* [Exercise] Nothing but the lines below from the one that contains "Sterling silver pendant" through the one that contains "Importer votre fichier Sysex" should be retyped, exactly and including both ends. Do not include pictures.

* [Records supplied]
"""

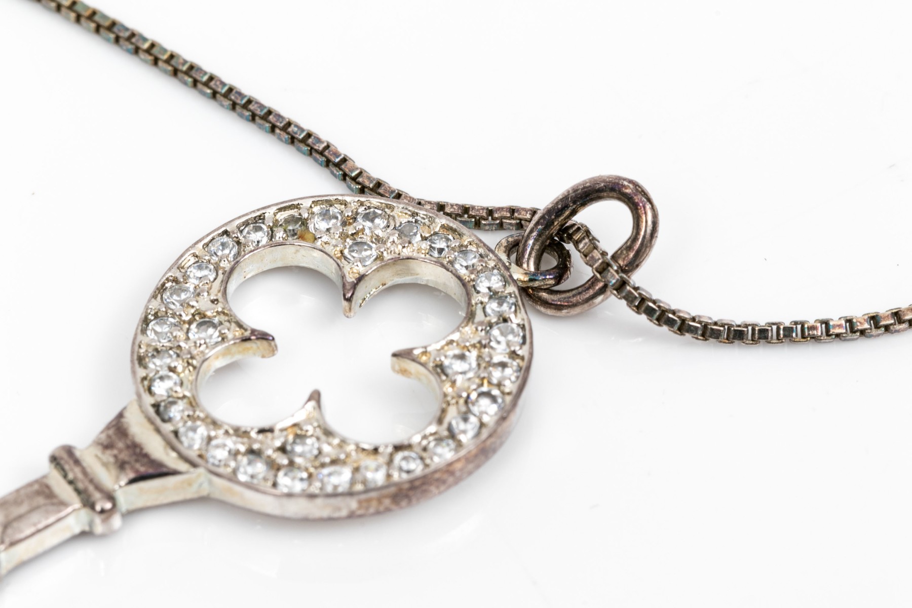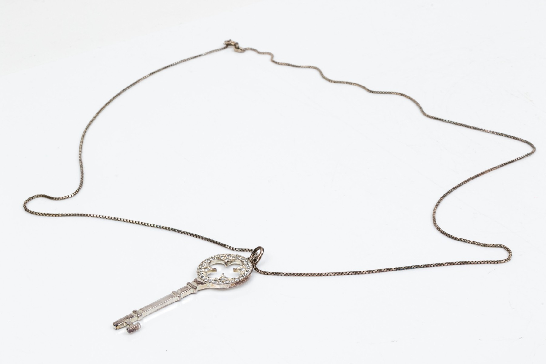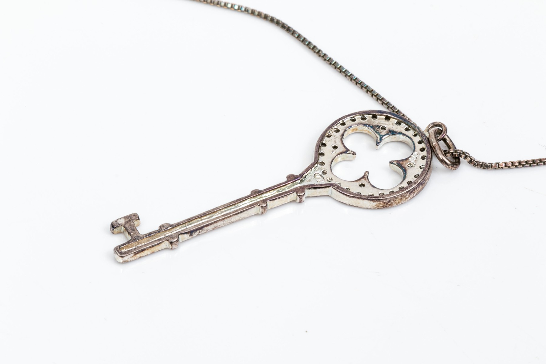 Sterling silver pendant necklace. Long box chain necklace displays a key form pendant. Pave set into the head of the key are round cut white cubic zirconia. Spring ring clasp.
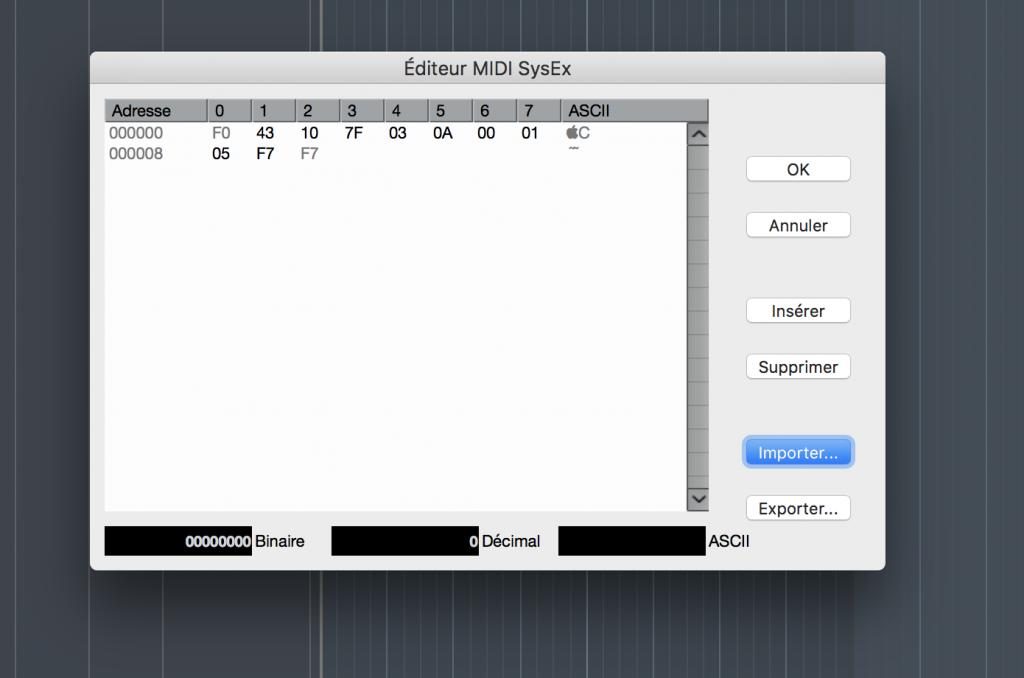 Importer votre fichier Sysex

"""
"""

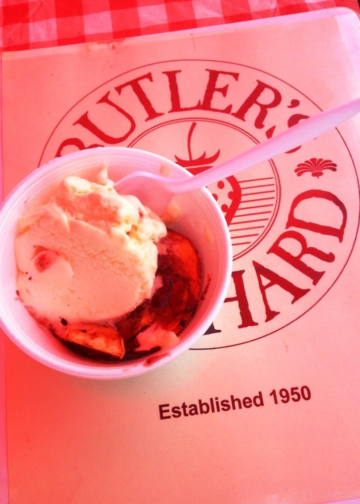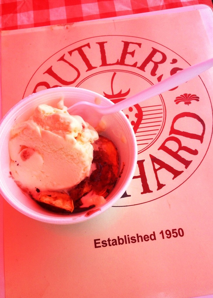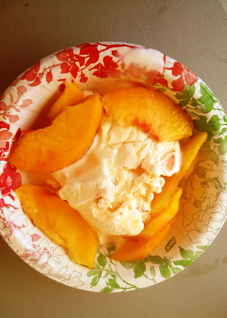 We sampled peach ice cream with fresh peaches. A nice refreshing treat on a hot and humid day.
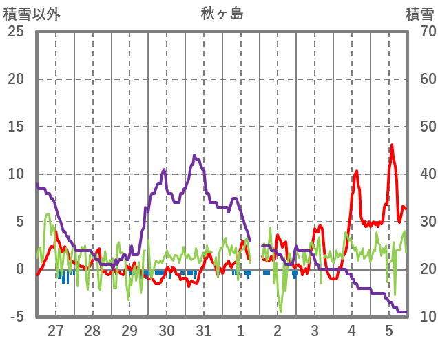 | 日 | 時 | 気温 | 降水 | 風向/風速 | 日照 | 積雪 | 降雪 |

"""

* [Response area]
 Sterling silver pendant necklace. Long box chain necklace displays a key form pendant. Pave set into the head of the key are round cut white cubic zirconia. Spring ring clasp.
 Importer votre fichier Sysex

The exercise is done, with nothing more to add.